Re: [BUG] md hang at schedule in md_write_start

NeilBrown <neilb@xxxxxxx> · Wed, 14 Aug 2013 10:44:10 +1000

On Tue, 13 Aug 2013 09:42:53 +0200 Jack Wang <jinpu.wang@xxxxxxxxxxxxxxxx>
wrote:

> On 08/13/2013 06:31 AM, NeilBrown wrote:
> > On Mon, 12 Aug 2013 18:33:49 +0200 Jack Wang <jinpu.wang@xxxxxxxxxxxxxxxx>
> > wrote:
> > 
> >> Hi Neil,
> >>
> >>
> >> We've found md hang in our test, it's easy to reproduce with script
> >> attached.
> >>
> >> We've tried 3.4 stable kernel and latest mainline, it still exists.
> >>
> >> Looks like flush bdi_writeback_workfn race with md_stop, no idea how to
> >> fix it, could you kindly give us suggestions?
> >>
> >> Best regards,
> >> Jack
> > 
> > Thanks for the report.  I can see how that deadlock could happen.
> > 
> > Can you please try this patch and confirm that it fixes it.
> > I'm not really happy with this approach but nothing better occurs to me yet.
> > 
> > NeilBrown
> > 
> 
> Hi Neil,
> 
> Thanks for quick fix, I tested on 3.4 stable and mainline, it works now.
> Could you give more description about the bug and fix.
>
Thanks for testing.

The problem:
 If you open a block device (e.g. /dev/md0) and write to it the writes will
 be buffered in the page cache until an 'fsync' or similar.
 When the last open file descriptor on the block device is closed, that
 triggers a flush even if there was no fsync.
 So if you
    dd > /dev/md0
    mdadm --stop /dev/md0
 The 'close' that happens when dd exits will flush the cache.  So when mdadm
 opens /dev/md0 the cache will be empty.  This is the normal situation.

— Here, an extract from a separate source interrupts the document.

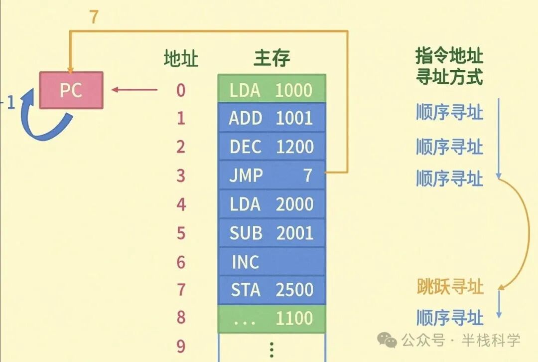 顺序寻址:可通过程序计数器(PC)加1,自动形成下一条指令的地址。

 However if "mdadm --stop /dev/md0" open /dev/md0 before 'dd' exits, then
 nothing will trigger the flush and that causes problems as I'll get to in a
 minute.
 Normally if this happened, mdadm would call the STOP_ARRAY ioctl which would
 notice that there is an extra open (from dd) and would abort.
 However "mdadm -S" retries a few times if it confirmed that the array wasn't
 mounted.  Eventually it opens just before 'dd' closes.  The presence of the
 "mdadm -D" might affect this - it might hold a lock that "mdadm -S" waits a
 little while for.

 Anyway by the time that "mdadm --stop" has called STOP_ARRAY on the open
 file descriptor and got to do_md_stop() it is holding ->reconfig_mutex
 (because md_ioctl() calls mddev_lock()).
 While holding this mutex it calls sync_blockdev() to ensure the page cache
 is flushed.  This is where the problem occurs.
 If the array is currently marked 'clean' and there a dirty pages in the page
 cache, md_write_start() while request that the superblock be marked 'dirty'.
 This is handled by md_check_recovery() which is called by the array
 managment thread.  However it will only update the superblock if it can get
 ->reconfig_mutex.

 So the "mdadm --stop" thread is holding ->reconfig_mutex and waiting for
 dirty data to be flushed.  The flush thread is waiting for the superblock
 the be updated by the array management thread.  The array management thread
 won't update the superblock until it can get ->reconfig_mutex.
 i.e. a deadlock.

 One way to "fix" it would be to call md_allow_write() in do_md_stop() before
 calling sync_blockdev().  This would remove the deadlock, but would often
 modify the superblock unnecessarily.

 I would be nice if I could check beforehand if sync_blockdev() will actually
 write anything and then call md_allow_write() if it would.  But I don't
 think that is possible.

 So the approach I took in the patch I gave you was to set a flag in
 do_md_stop to tell md_check_recovery() that it was ok to update the
 superblock without holding a lock, because the lock is already held.
 I don't really like that though.  It feels like it should be racy.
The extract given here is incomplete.